▶ **What the task asks**
What is needed is an exact reproduction of the lines in the records below, starting at the line with "کابل شارژ چهار" and ending at the line with "Gold foil Great", both included, and nothing else; pictures stay out.

▶ **Exercise inputs**
####
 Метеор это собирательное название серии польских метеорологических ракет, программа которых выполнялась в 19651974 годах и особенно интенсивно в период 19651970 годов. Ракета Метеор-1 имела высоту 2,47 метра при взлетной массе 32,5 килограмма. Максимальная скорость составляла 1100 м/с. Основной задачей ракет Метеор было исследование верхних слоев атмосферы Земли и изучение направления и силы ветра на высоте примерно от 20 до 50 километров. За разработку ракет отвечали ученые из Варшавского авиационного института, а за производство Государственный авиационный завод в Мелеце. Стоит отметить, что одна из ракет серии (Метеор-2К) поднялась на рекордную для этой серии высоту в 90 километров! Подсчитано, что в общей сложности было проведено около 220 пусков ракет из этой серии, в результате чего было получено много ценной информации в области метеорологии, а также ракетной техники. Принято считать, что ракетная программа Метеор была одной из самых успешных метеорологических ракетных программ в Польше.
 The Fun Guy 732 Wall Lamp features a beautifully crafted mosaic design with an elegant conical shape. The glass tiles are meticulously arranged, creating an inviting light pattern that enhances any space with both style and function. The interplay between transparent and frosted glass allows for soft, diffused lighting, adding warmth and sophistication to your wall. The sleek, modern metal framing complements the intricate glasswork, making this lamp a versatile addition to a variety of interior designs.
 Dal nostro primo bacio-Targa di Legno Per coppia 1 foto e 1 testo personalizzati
####
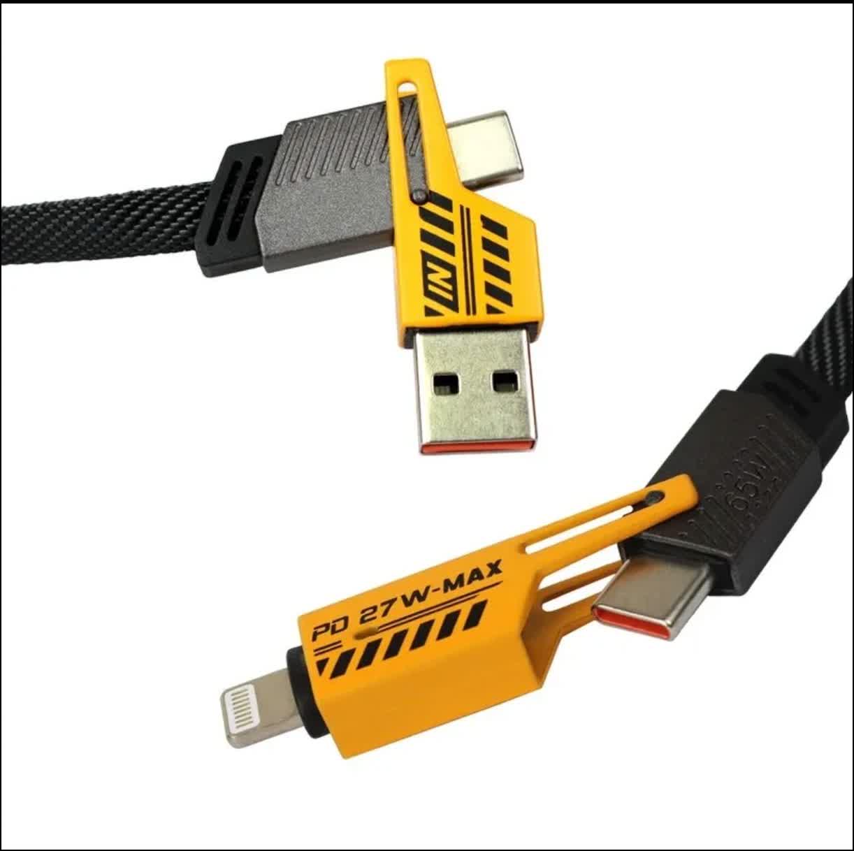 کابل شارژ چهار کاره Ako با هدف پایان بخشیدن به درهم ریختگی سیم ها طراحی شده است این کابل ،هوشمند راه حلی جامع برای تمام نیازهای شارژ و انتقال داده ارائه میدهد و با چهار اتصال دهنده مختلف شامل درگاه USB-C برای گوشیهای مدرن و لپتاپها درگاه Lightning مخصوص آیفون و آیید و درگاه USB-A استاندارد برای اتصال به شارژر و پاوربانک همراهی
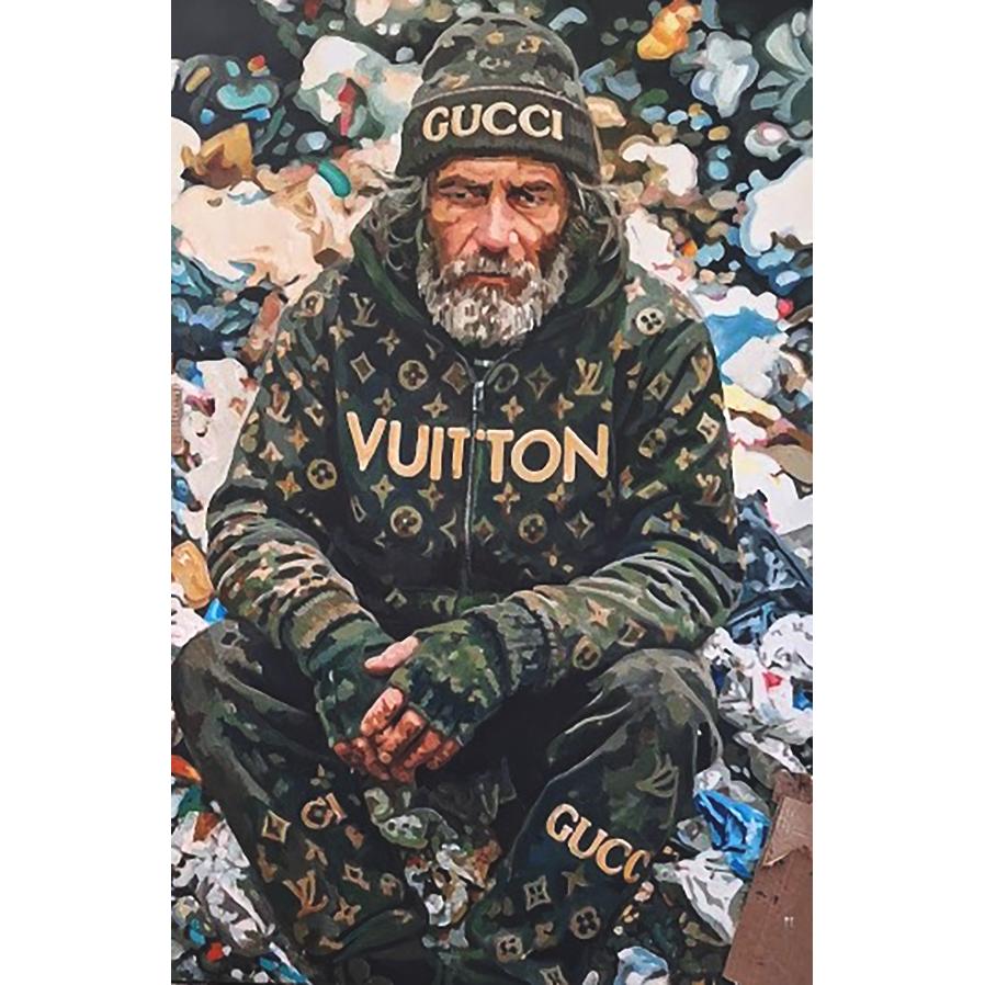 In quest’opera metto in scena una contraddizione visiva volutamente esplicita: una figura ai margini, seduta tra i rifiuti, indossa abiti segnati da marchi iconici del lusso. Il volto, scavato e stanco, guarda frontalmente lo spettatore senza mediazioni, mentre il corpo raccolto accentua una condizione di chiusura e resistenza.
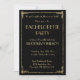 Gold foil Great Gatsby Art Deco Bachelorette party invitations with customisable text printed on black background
####
▶ **Exercise answer**
 کابل شارژ چهار کاره Ako با هدف پایان بخشیدن به درهم ریختگی سیم ها طراحی شده است این کابل ،هوشمند راه حلی جامع برای تمام نیازهای شارژ و انتقال داده ارائه میدهد و با چهار اتصال دهنده مختلف شامل درگاه USB-C برای گوشیهای مدرن و لپتاپها درگاه Lightning مخصوص آیفون و آیید و درگاه USB-A استاندارد برای اتصال به شارژر و پاوربانک همراهی
 In quest’opera metto in scena una contraddizione visiva volutamente esplicita: una figura ai margini, seduta tra i rifiuti, indossa abiti segnati da marchi iconici del lusso. Il volto, scavato e stanco, guarda frontalmente lo spettatore senza mediazioni, mentre il corpo raccolto accentua una condizione di chiusura e resistenza.
 Gold foil Great Gatsby Art Deco Bachelorette party invitations with customisable text printed on black background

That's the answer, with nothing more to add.